Now that I have more free time, I've decided to create a small business...not so much to make money (although a modest profit would be nice) but more of a way to write off the yearly cost of membership/insurance in the Soapmakers Guild, etc. and cover the cost to make my products. My decision is based on two things:

1) Not losing money by giving my products away
2) Possibly getting a few of our $$ back from the IRS when we file our taxes as we currently get screw*d by the IRS every year; making my addiction a business may actually help us out a bit.

BUT, I've been reading "Small Business Taxes Made Easy" by Eva Rosenberg to try to get an idea of what to expect tax-wise, and she mentions that the IRS can disallow your deductions per the "hobby-loss rule" if your business fails to achieve a profit for two or more years out of five consecutive years! This is bothering me for obvious reasons, but one of the people I asked for advice said not to worry about it...she's a master herbalist and says she's only claimed a profit in maybe 3 or 4 years of her 15 years in business and the IRS has never bothered her or disallowed any of her deductions. Does anyone have any experience with this rule?
I've done my research on how to apply for a business license/tax ID/trademark for my state. I've bought my company's domain name, although I don't plan to create a website until I've got everything else worked out, and I've talked to entreprenurial friends for advice.
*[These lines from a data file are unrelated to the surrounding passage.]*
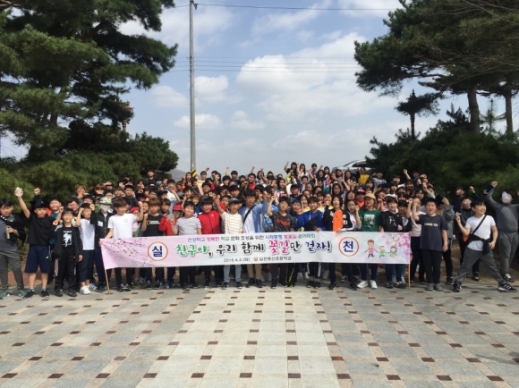| 김천동신초등학교(교장 이형석)은 4월 3일(수) 3,4,5,6학년 교직원 및 학생들을 대상으로 벚꽃길을 걸으며 친구사랑 마음을 키우고 건강하고 행복한 학교 문화 조성을 위한 「학교폭력예방 및 건강증진을 위한 사제동행 벚꽃길 걷기대회」를 실시하였다.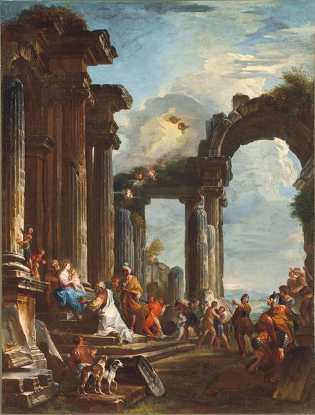 Curator: This painting, titled "Römische Ruinen, links ein Brunnen, mit Staffage," which translates to Roman Ruins, with a fountain on the left and figures, was created in 1789 by Jean François Gout. It resides here at the Städel Museum. Editor: My initial response is one of serene contemplation, a scene steeped in graceful melancholy. The delicate light and soft palette create an almost dreamlike state, despite the rather concrete subject matter of architecture. Curator: Indeed. The artist's embrace of classicism manifests in the measured arrangement of the architectural ruins. Note the columns, arches, and deliberate placement of the fountain. They all seem to speak to an age of reason and order. How do you interpret the ruinous aspect of the buildings? Editor: The ruins underscore a romantic engagement with time and history, quite common for the era. These remnants serve as visible symbols of mortality and the ephemeral nature of human endeavors. They romanticize decline. But I see a statement too about how such historic spaces become a new 'stage' of civic and public life through these staffage figures in the foreground. Curator: A potent interpretation. It's hard to not analyze the composition. It is certainly an idealized depiction, presenting a carefully constructed vision rather than an accurate historical record. It's meticulously painted, note the careful gradients in tone, and the delicate work in creating a believable perspective. Editor: Looking closer at the people populating the work is really interesting. They feel almost like they're from a completely different era or story as compared to the ruins. The scene has them as the main actors in how such ancient places might endure through daily life and culture. Curator: So, do we see Gout idealizing the endurance of cultural life against a grand scale of changing human and architectural time? Editor: Yes, these ruins also become locations of a cultural past constantly living on into the future. It all combines for me, through these gentle shades and deliberate formal gestures, to evoke contemplation around permanence. Curator: Yes, that reading harmonizes well with my understanding of Gout’s structural approach, giving his paintings such formal poise. Thank you for this discussion! Editor: The pleasure was mine. This piece offers so much on socio-political interpretations, how ancient art shapes civic experiences.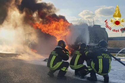 Autocisterna che trasportava carburante in fiamme sulla S.S. 106 Jonica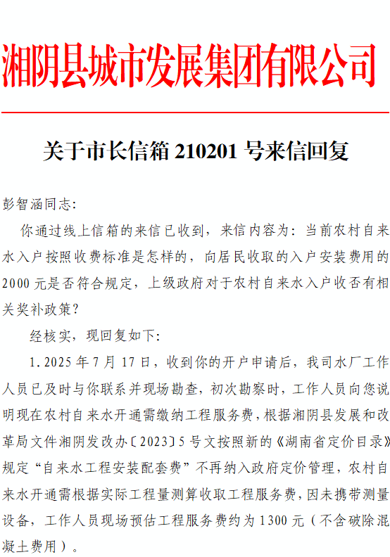 关于农村居民自来水入户安装问题咨询 湘阴县政府: 我是新泉镇车马江社区一名居民,因家中需要安装自来水,家中老人联系自来水厂人员上门勘察,了解到自来水入户安装需要费用约2000元。我对于自来水安装有相关问题咨询如下。 农村居民自来水工程是方便农村居民用户饮水,保障农村居民饮水健康的重要民生工程。当前农村自来水入户按照收费标准是怎样的,向居民收取的入户安装费用的2000元是否符合规定,上级政府对于农村自来水入户收否有相关奖补政策? 望给予支持回复为盼。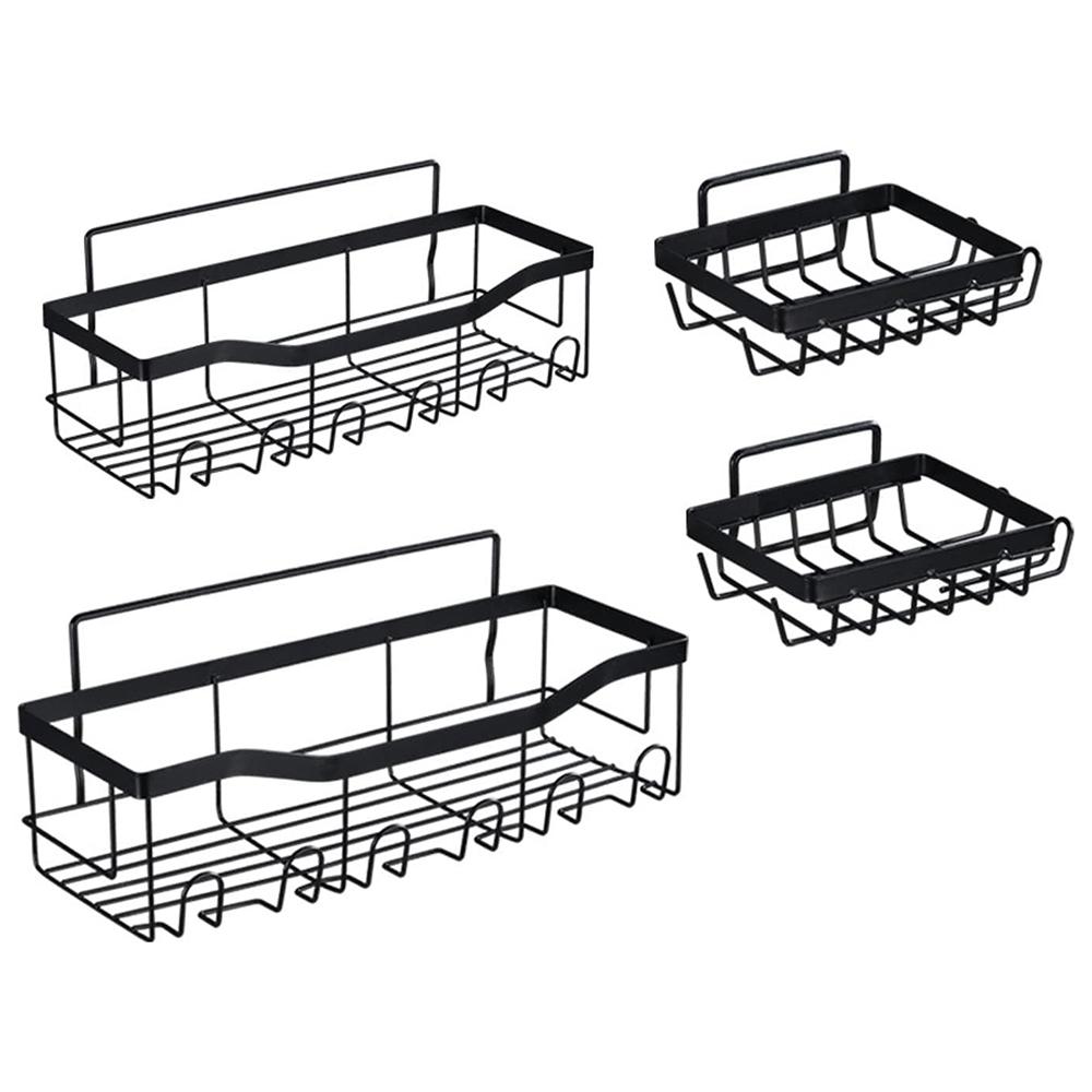 4Pcs/Set 6-Hook Style Punch-Free Carbon Steel Storage Basket Bathroom Draining Organization Rack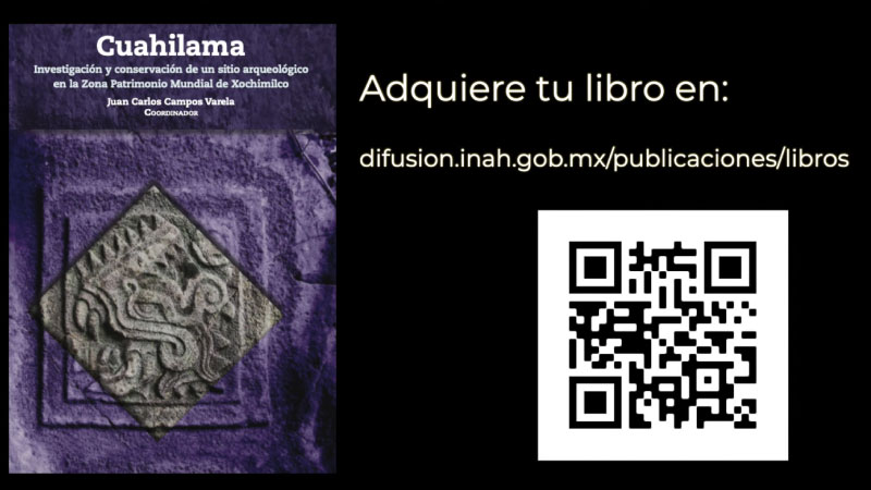 Cuahilama. Investigación y conservación de un sitio arqueológico en la Zona Patrimonio Mundial de Xochimilco está disponible en la red de librerías del INAH, así como en la tienda electrónica de la Coordinación Nacional de Difusión del instituto.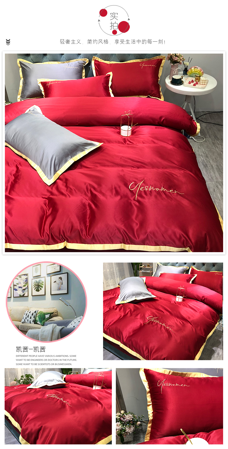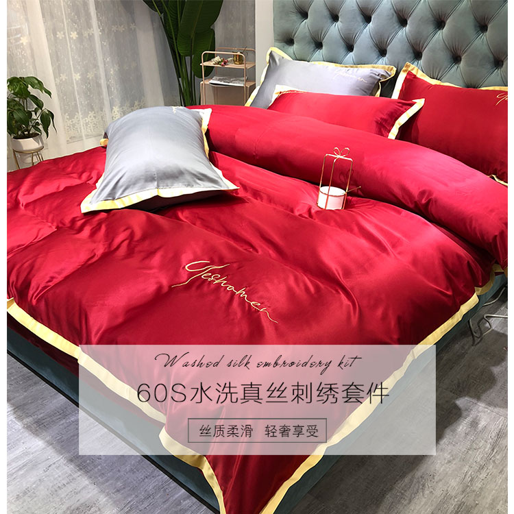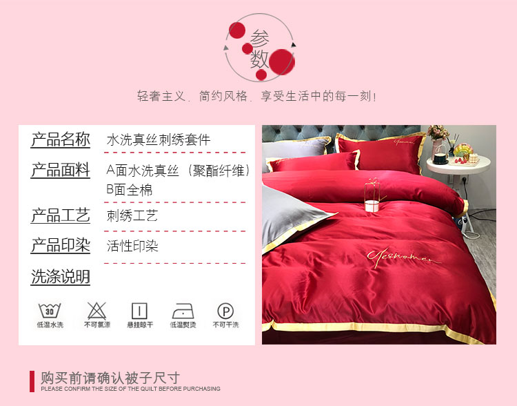 商品名称:安妮 2020新款水洗真丝凯茜四件套(实拍图)酒红

The personal advice has been great for pitfalls to avoid (like forgetting to send in a monthly tax statement on months you didn't make a profit), but everyone I know has had a business that was their sole income. And all the information I've read is geared toward the same. 
It's frustrating that I've been unable to find any information or advice for someone running a very small business while also having a full-time job, so any advice would be welcome!!
 Thanks!


----------



## melstan775 (Feb 14, 2013)

Being denied deductions or claiming a profit is there even for full time professional sole proprieters. If you fail to make revenue, the IRS can determine if it's worth it for you to stay in business. I wouldn't worry about it, as long as your ducks are in a row you're not likely to get audited anyway.


----------



## Mune (Feb 14, 2013)

I had my business from Feb 2007-Mar 2010. At that point I was told that since I had not made a profit of $5000 or more in my 3 years of soaping, that I could not be a legitimate business. I lost my EIN and everything. I was just trying to be a good girl and pay my taxes, but they said no. Honestly, it really never made it worth it anyways.


----------



## gratia (Feb 14, 2013)

Mune said:


> I had my business from Feb 2007-Mar 2010. At that point I was told that since I had not made a profit of $5000 or more in my 3 years of soaping, that I could not be a legitimate business. I lost my EIN and everything. I was just trying to be a good girl and pay my taxes, but they said no. Honestly, it really never made it worth it anyways.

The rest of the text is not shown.